Williams était grand et incroyablement maigre, avec « une pomme d’Adam saillante », reconnait-il. Il n’avait également pas d’endroit où étudier. Les seules options étaient une institution francophone, où il aurait été totalement perdu, et une école privée, que sa mère n’avait pas les moyens de payer. Il trainait son ennui à longueur de journée, essayant désespérément de se faire des amis parmi les jeunes de son âge, qui lui menaient la vie dure. Pour combattre ces deux problèmes, Williams s’est mis à faire du sport. Comme les salles de sport de St Martin n’acceptaient pas les moins de 16 ans, raconte Williams, il enchainait les sit-ups, les pompes et les tractions et soulevait jusqu’à épuisement les barres qu’il avait bricolées lui-même. Il enfourchait ensuite son vélo et pédalait à nouveau jusqu’à épuisement.

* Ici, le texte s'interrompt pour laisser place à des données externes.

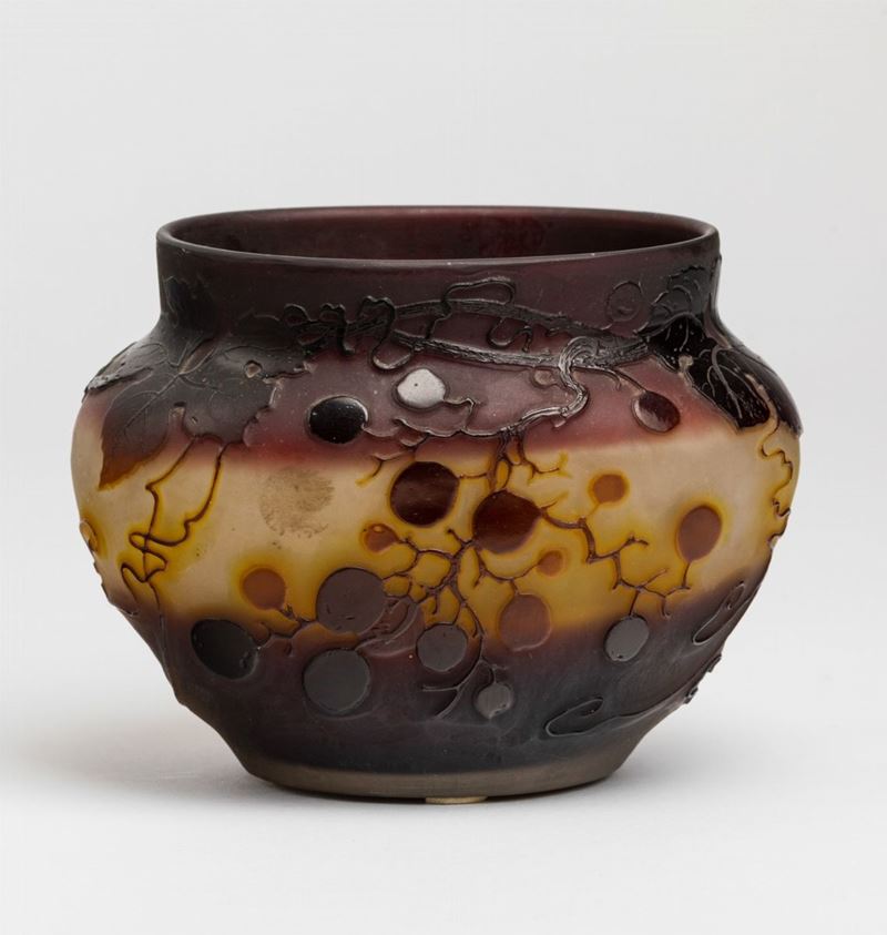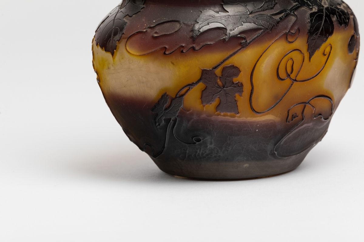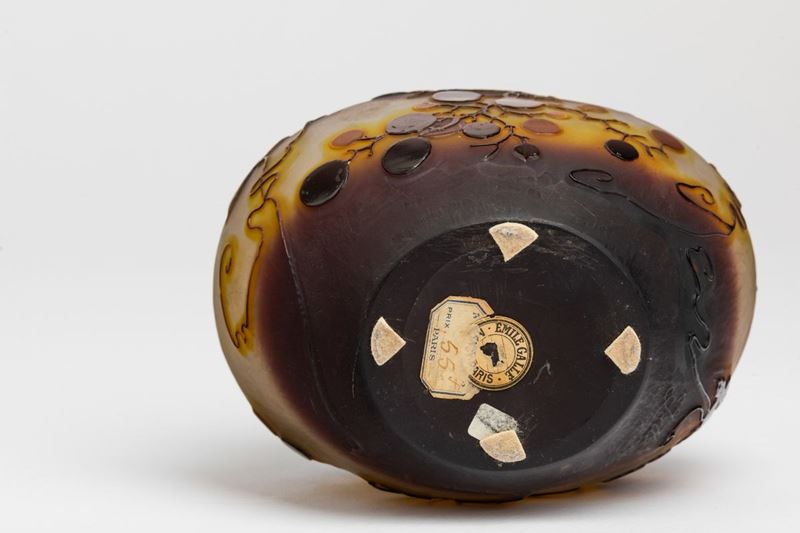 Vaso ovale in vetro a cammeo con decoro di rami con foglie. Firma a rilievo e vecchia etichetta cartacea della manifattura
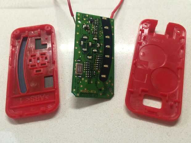 A continuación, observe los dos cables que sostienen el tablero del circuito a la batería de voltio 3 a través de la cubierta plástica. Usted debe cortar estos cables como cerca de la carcasa de plástico como sea posible, dar su espacio para los cables una vez que se separa.
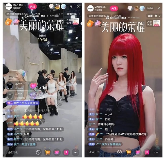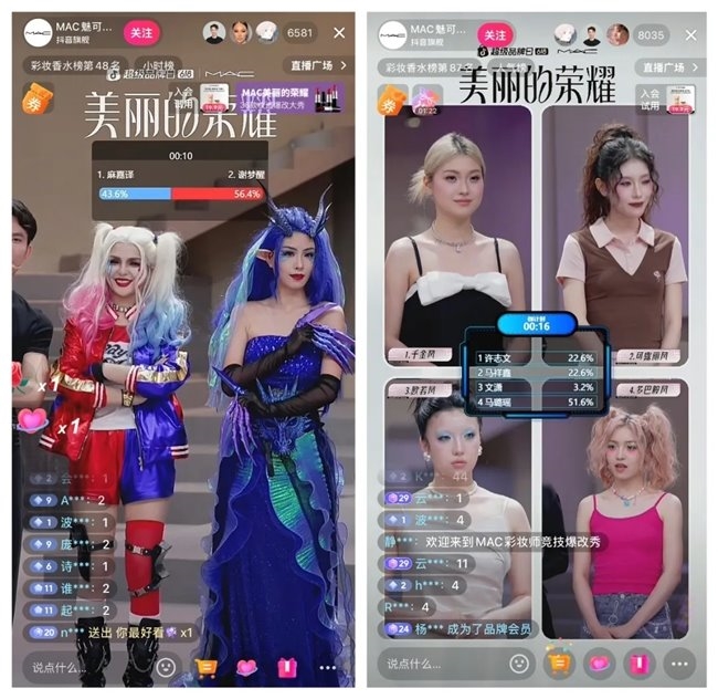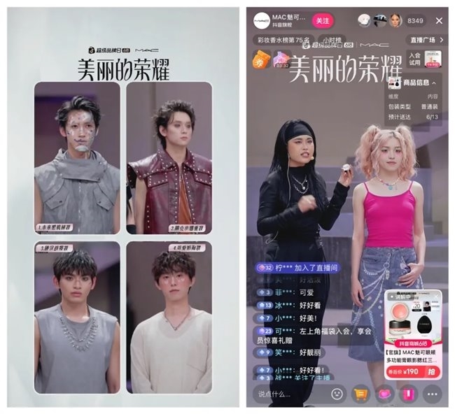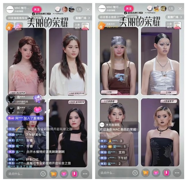 細看才知道,這別出心裁的直播形式,原來是抖音商城超級品牌日的美妝垂類IP**“美麗的榮耀”**。首期,抖音商城超級品牌日和美妝品牌M·A·C魅可(MAC)合作,一起打造了本次彩妝師競技爆改秀。
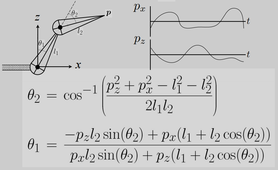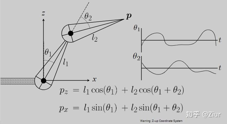 - 计算方法非常简单,说明只要定义好骨骼连接方式,任何时刻只要知道角度,就能算出尖端p应该停在哪里
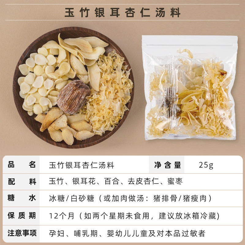 S01 Суп Сишэн (Суп из ямса, горгона и пории) 25г; С02 Суп из грецких орехов и ямсовых корней Yizhiren, 27 г; С03 Суп из полигонатума, тремеллы и миндаля, 25 г; Вопрос 04 Суп из астрагала, лонган и красной даты, 21 г; Вопрос 05 Суп с рейши, кордицепсом и астрагалом, 20 г; Вопрос 06 Смесь для супа с женьшенем, полигонатумом и малиной, 21 г; Вопрос 07 Суп «Пятипалый персик и пория» 26 г; Вопрос 08 Суп из гастродии, астрагала и лилии, 25 г; Вопрос 09 Суп из дендробиума и полигонатума, 24 г; Вопрос 10 Красная фасоль, арахис, пять красных супов, смесь, 33 г; Вопрос 11 Суп из сушеной капусты и южного и северного абрикоса, 25 г; Вопрос 12 Суп из миндаля и инжира Bawanghua, 26 г; Вопрос 13 Смесь для супа из грибов агарикуса бразильского, ямса и плодов горгонии, 21 г.; Вопрос 14 Суп из герициума, ямса и чечевицы, 26 г; Q15 Суп из тигрового молока, грибов, руки Будды и миндаля, 23 г; В16 Суп из морилов, гортензий и пории, 22 г; Вопрос 17 Суп из морских гребешков с кордицепсом китайским, 21 г; Вопрос 18 Суп из кодонопсиса, астрагала и полигонатума, 24 г; Вопрос 19 Суп из улиточного мяса, инжира и полигонатума, 25 г; С20 Суп из грибов, ямсовых корней и лонганов, 26 г; В21 Суп из семян цистанческой, кодонопсиса и гортензии 23 г; В22 Суп из рыбьей пасти, кордицепса и полигонатума, 21 г; В23 Суп из зимней дыни, семян коикса и полигонатума, 26 г; S24 Суп из бобов Адзуки, семян коикса и пории, 22 г; S25 Корень тростника, пория и суп из корня травы 23г; Смесь для супа из семян коикса, пории кокосовой и цедры мандарина S26, 27 г; S27 Суп из листьев лотоса и семян кассии, 25 г; Смесь для супа S28 с шелковицей, полигонатумом и персиковыми косточками, 23 г; S29 Суп из кодонопсиса, офипогона и бергамота, 25 г; S31 суп из черной фасоли, персиковых косточек и ямса, 26 г; S32 Суп из яблока, астрагала и красной даты, 26 г; S33 Суп из дудника, башкира и пуэрарии 21г; S34 Суп из ландыша, пории и гриба, 26 г; S35 Суп из липового листа, мандариновой цедры и рукавичника Будды, 21 г; S36 Плавающий пшеничный солодовый суп с солодом 24 г

Au bout de quelque temps, il ne pouvait plus passer une journée sans s’entraîner. En rentrant à New York avec sa mère, il s’est inscrit immédiatement dans une salle, ce qui lui a permis de remplacer son matériel maison par des charges véritables de plus en plus lourdes. C’est là qu’il a trouvé sa voie. « À 17 ans, je me suis rendu compte que j’étais déjà le gars le plus fort de la salle », raconte Williams. « Je ne voulais pas gaspiller mon talent. J’ai donc commencé à me poser des questions : ‘Qu’est-ce que je fais sur terre’ ? Je n’étais pas doué pour les études, je détestais l’école, je détestais apprendre, je détestais faire mes devoirs. Mon seul intérêt, c’était d’aller à la salle et de devenir plus fort. C’était ma seule passion. »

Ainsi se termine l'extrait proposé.